Detesto este tipo de verano. Cada día que pasa soy más amante de la tranquilidad, de la serenidad, de la reflexión de cara al cenit nocturno donde vaga rutilante la estrella Arturo, de los grupos reducidos salvo en ocasiones especiales. No sirvo de insecto social al servicio incondicional de una Gran Madre del hormiguero que rige inapelablemente cada uno de mis actos y pensamientos. Cada vez me refugio más en mis propios mundos —¡qué suerte tenerlos! ¡qué gran regalo divino!—,  deseo más la soledad, —“esa gran talladora del espíritu”, como la definía Lorca—,  la intimidad, la lucidez para ver surgir desde cada rincón, desde cada vereda que trepa hacia el monte plateada por la luna, la magia de la noche y así disfrutar de la contemplación ensimismada del firmamento, de la brisa susurrante que acaricia el alma, del rumor del agua, y el profundo latir de las estrellas. Por si fuera poco este año, debido a la horrenda pandemia, el ir a la playa será una decisión meditada con cautela, porque las cosas están bastante mal en cuanto a número de contagios y posibilidad de contraer la enfermedad. Pero antes o después, si Dios quiere y la situación así lo aconseja, buscaré las arenas murcianas, entre el Cabo de Palos y la Punta del Estacio, frente a la isla Grossa, donde he recalado en los últimos 45 años para encontrarme con un agua a 28 o 29 grados, una larga extensión arenosa, y a los buenos amigos de siempre de aquellas tierras con los que mantengo relación entrañable desde hace décadas.

ES LA CANÍCULA JAENERA

Canícula, antesala del Averno en nuestra tierra, que este clima siempre ha sido extremo en esta época. Y deseo apremiante de que pase el verano, y el lugar donde vivo recupere su encanto cotidiano, cuando los niños berreantes retornen a sus colegios —¿volverán algún día? —, y la legión de visitantes estivales recuperen la normalidad de su vida si eso fuera posible ante lo que se avecina. Entonces sucederán días deliciosos, nos dejarán las golondrinas por san Miguel, madurarán las almendras, las últimas zarzamoras, membrillos, serbas  y granadas, serán más limpios los ocasos, arribarán con los viento ábregos los primeros temporales atlánticos, acortarán los días en medio de este demencial cambio horario que mantenemos, sin saber exactamente el porqué. Las preciadas esmeraldas del olivar, a las que hemos visto crecer y brillar en la canícula, se irán convirtiendo en jacintos de compostela, tersos, cristalinos, de grueso tamaño que doblarán las ramas con su preciado peso, y vendrán meses apacibles,  serenos, íntimos, hasta que llegue de nuevo el dichoso julio y su horrenda canícula a herir lo más profundo de nuestra piel, a robarnos la tranquilidad de espíritu.

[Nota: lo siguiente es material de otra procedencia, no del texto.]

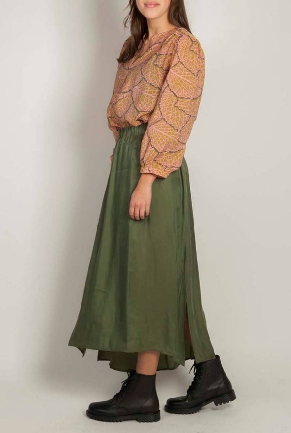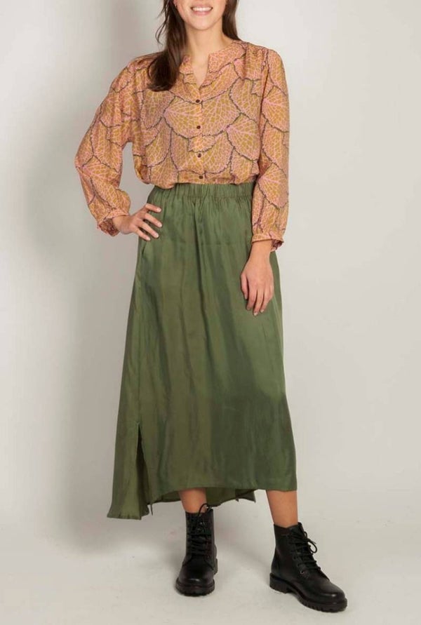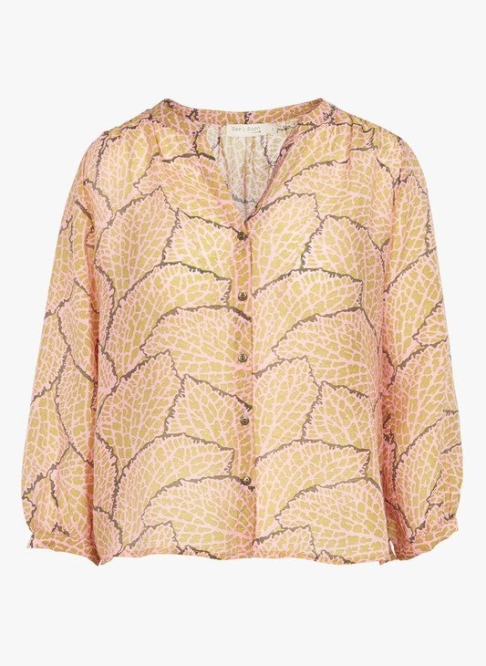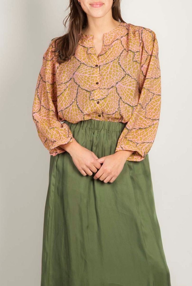 blouse met roze/kaki motief

Pero yo pasaré, si Dios quiere, cada vez más tiempo en las arenas murcianas, disfrutando de la brisa perenne de aquellos parajes idílicos, y recordando mis veranos de la Casería de Piedra que llevo grabados en los hondones del corazón, porque nada podrá conseguir superar a aquellos días deliciosos y confiados que generaron lo mejor que pueda existir en mí, si es que ya queda algo. Pues todo nace  en el mar extenso y sin límites  de la infancia, por eso volvemos la vista atrás en la recta final de la existencia. Tenía razón Hölderlin, el poeta alemán cuando decía en uno de sus versos: “Los ríos nacen en el mar, por eso vuelven siempre allí”. El caudal de mis aguas más cristalinas vuelve al inmenso océano de origen, la infancia, que fue matriz, madre amantísima, y maestra  de toda mi posterior existencia.

Hierve el agua de la piscina. Jadean los grillos sin fuerza agobiados por el bochorno reinante. Se viste el cielo del color del infierno. Es la canícula jaenera.

 

                                          Ramón Guixá Tobar

 

Foto: Imagen de un lugar emblemático, Jabalcuz, asociado en el recuerdo a un Jaén más llevadero durante los meses de la canícula.